Dataset entries START

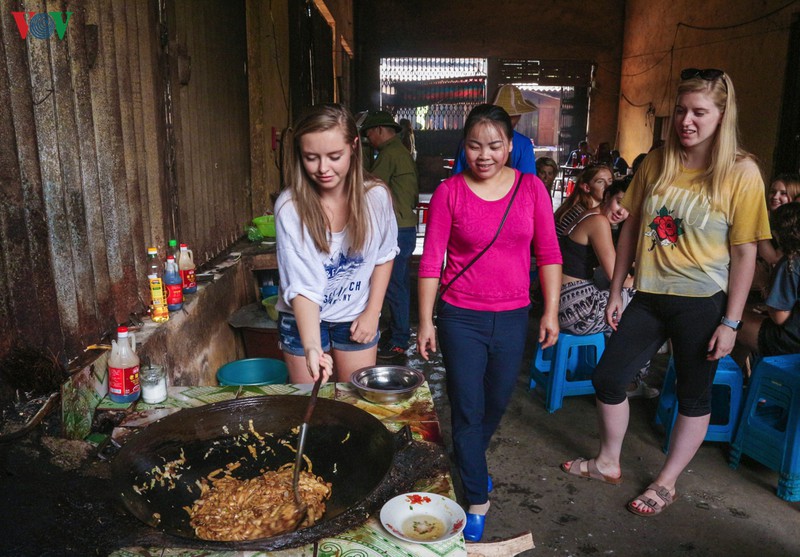 Những vị khách phương Tây trải nghiệm cách nấu món phở xào ở chợ Đồng Văn. Đây là món ăn truyền thống chỉ có ở chợ Đồng Văn, chế biến ngon và chuẩn vị nhất.
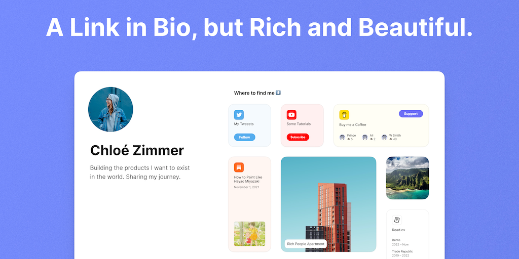 Bento - A link in bio, but rich and beautiful. ✨ | Product Hunt
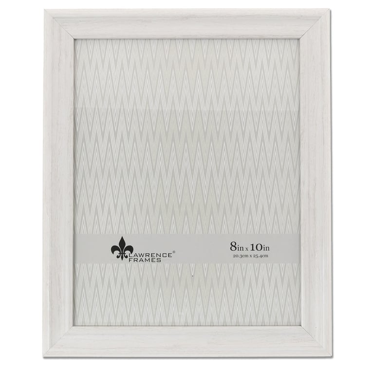 Main view Product Details Lawrence Frames® NEWPORT White 8x10 frame — Quality composite decorative picture frame with satin white wood grain finish. Easy open turn button black velvet backing makes it simple to open and insert your photo. Includes hangers for wall mounting and easel backing for tabletop display. By Lawrence Frames®, crafting fine frames for generations. NEWPORT White 8x10 frame Model #751148082426 List $23.00 You pay $16.95 In stock Can be shipped today [?] Your Price Match is Active Your request for a price of $0.00 for a minimum quantity of has been accepted. You have [time] left to purchase this item for $0.00 instead of $16.95 each. Find a Lower Price? We BEAT All Authorized Retailers [?] FEATURESDisplays:8"x10"Material:Wood (mdf/engineered)Finish:WhiteOccasion:Home decorating, Housewarming, Weekend Host GiftsStyle:Distressed - Weathered, Rustic/Lodge, CoastalOrientation:BothBrand:Lawrence Frames®Display Type:Desktop or Wall Approx. Overall Dimensions:9 1/2"x11 1/2"x13/16" This item ships in its own box SHARE THIS ITEM Share on Facebook
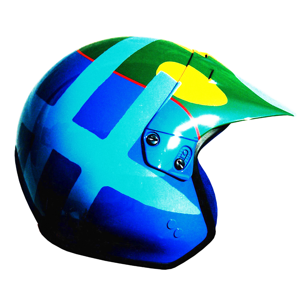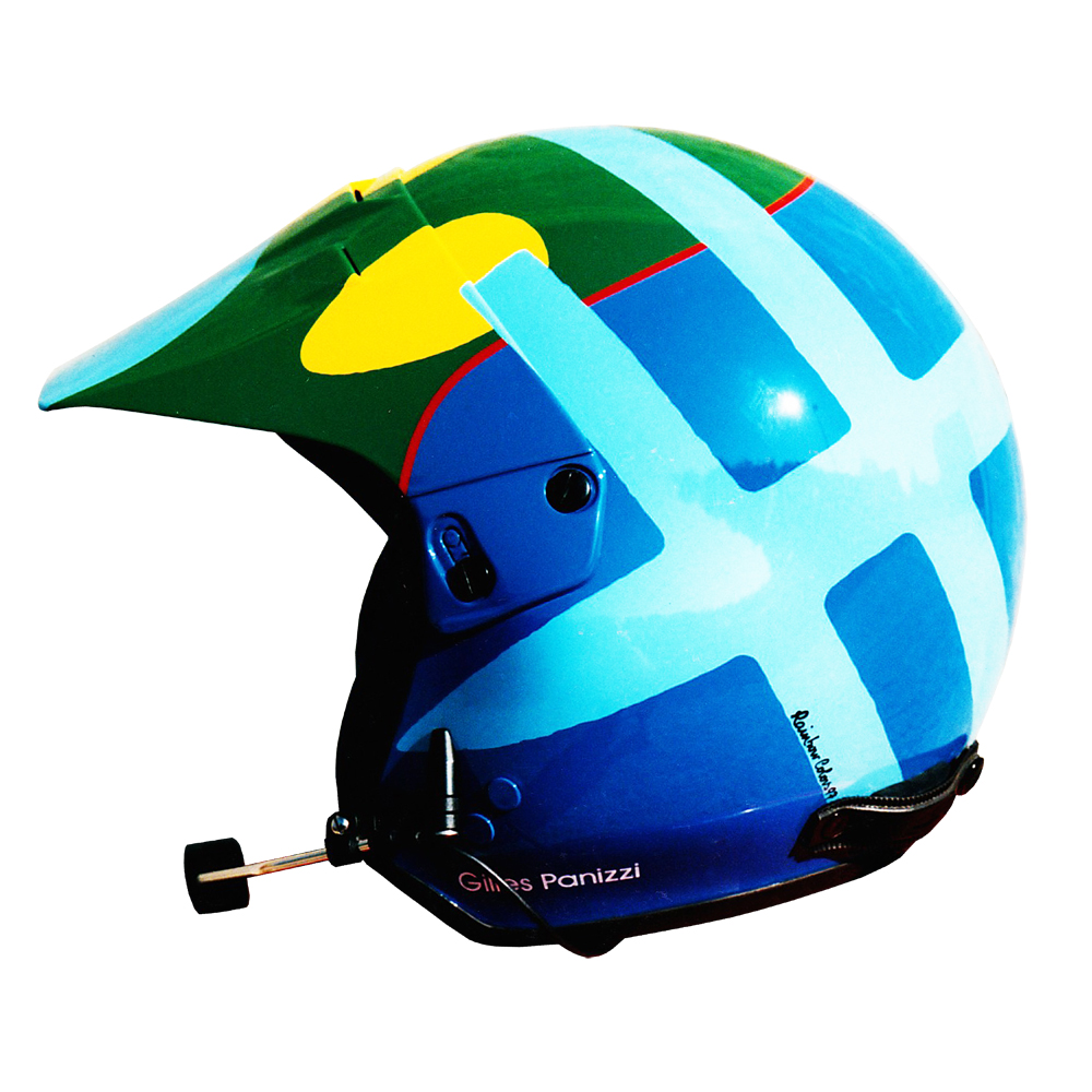 Rallye 1997 Gilles PANIZZI Casque Peltor Rally Pro, peint par Christian Roux / Rainbow Colors en 1997 pour Gilles Panizzi, Champion de France des Rallyes, Peugeot 306 Maxi Team Peugeot Sport. Précédent Suivant
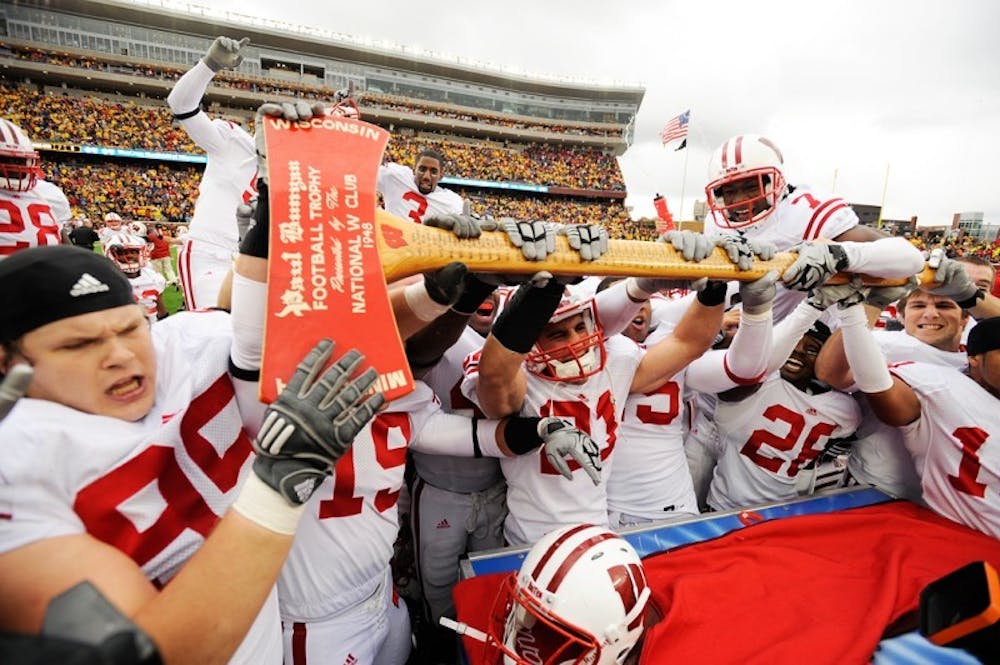 axe: Wisconsin players celebrate defeating Minnesota and keeping Paul Bunyan's Axe
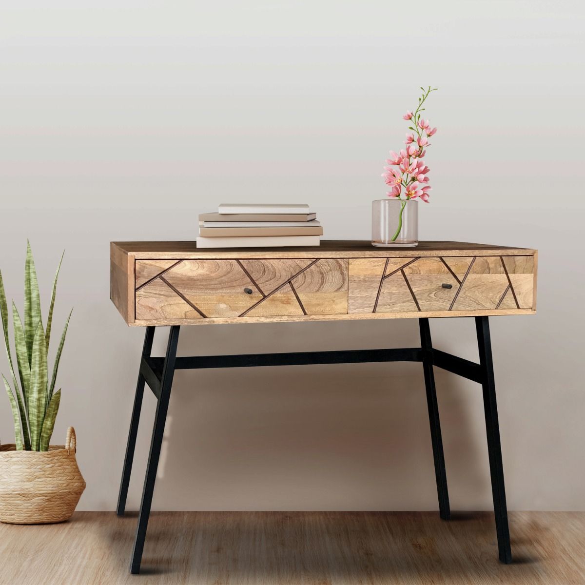 Havant Black Iron Base Retro Style 100cm Console Table - Light Mango Wood
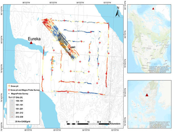 Between 12 and 22 April, two types of snow surveys were conducted along the airborne radiometer flight lines. A regional-scale snow survey covering much of the Fosheim Peninsula was conducted via helicopter, with the purpose of evaluating the variability in snow properties at the 25 km EASE-Grid scale. The regional snow surveys involved snow depth transects and snow pits measuring snow properties including layering, density, temperature and mean geometrical maximum (Dmax) grain size using a field microscope and a 2 mm comparator card, for 22 regional sites (these sites are presented by red crosses in the Figure 1). The regional snow conditions were relatively homogeneous; there was minimal terrain influence (generally flat), and no emergent vegetation above the snowpack was visible [12]. Snow depth was measured using a GPS enabled, self-recording snow depth probe [37], called a MagnaProbe. Depth measurements were made at 5 to 10 m intervals along a 100 m sided-square centered on a snow pit. Total number of snow depth measurements made at each site ranged from 133 to 176 (average of 150) for a total of 2656 snow depths at all 22 sites. These measurements were used to determine the statistical distribution of snow depth at each site. An ESC-30 snow corer with a cross-sectional area of 30 cm2 [38] was also used to record bulk SWE and density measurements at each site three times, for a total of 66 times.
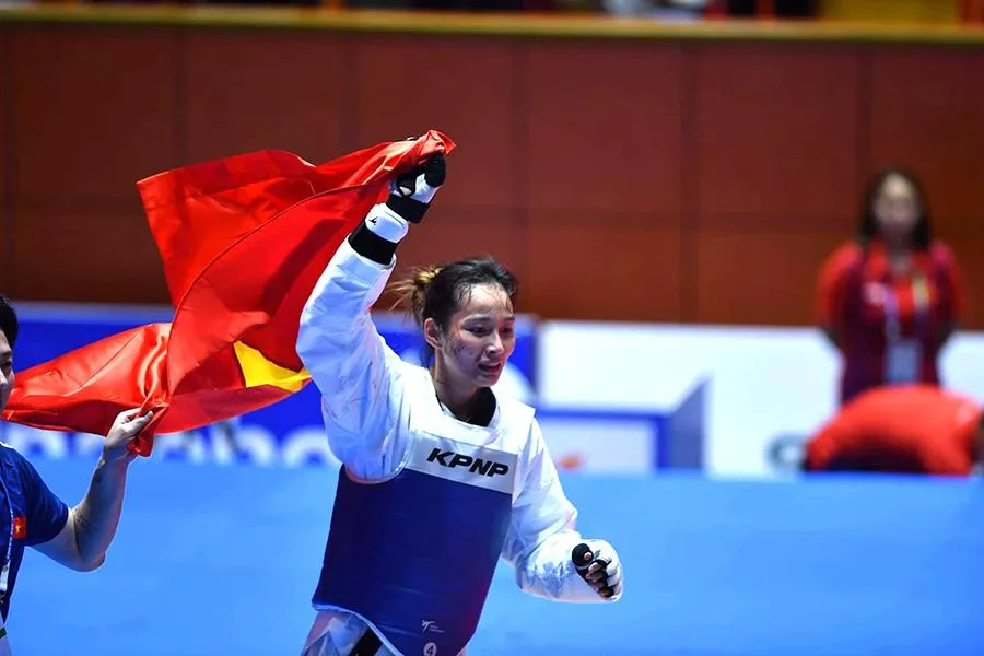 VĐV Nguyễn Thị Hương giành HCV SEA Games 31 môn Taekwondo hạng 73 kg sau khi đánh bại vận động viên người Philippines để mang vinh quang về cho Tổ quốc và gia đình. Ảnh: NVCC |
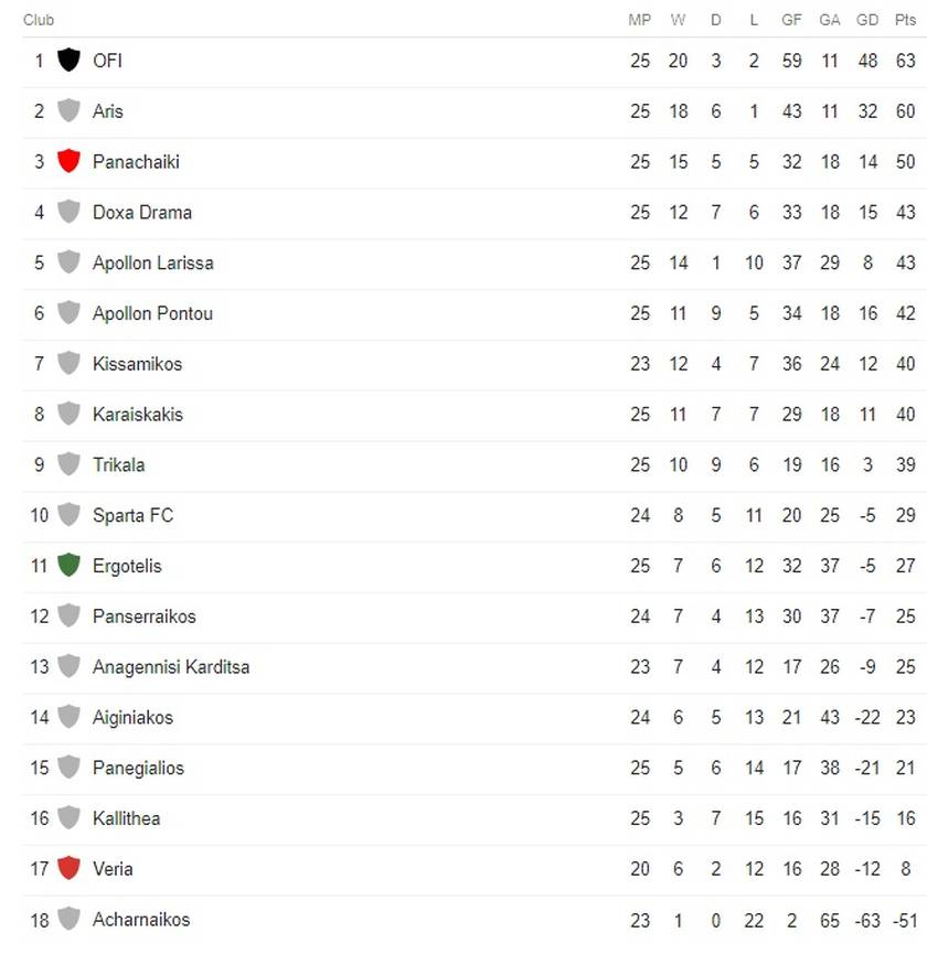 Τα αποτελέσματα της 25ης αγωνιστικής:

Dataset entries END

■ **Task**
In the entries above, find the line that contains "Bento - A link", then repeat exactly every line from the first one through that line, with no pictures.

■ **Response area**
 Những vị khách phương Tây trải nghiệm cách nấu món phở xào ở chợ Đồng Văn. Đây là món ăn truyền thống chỉ có ở chợ Đồng Văn, chế biến ngon và chuẩn vị nhất.
 Bento - A link in bio, but rich and beautiful. ✨ | Product Hunt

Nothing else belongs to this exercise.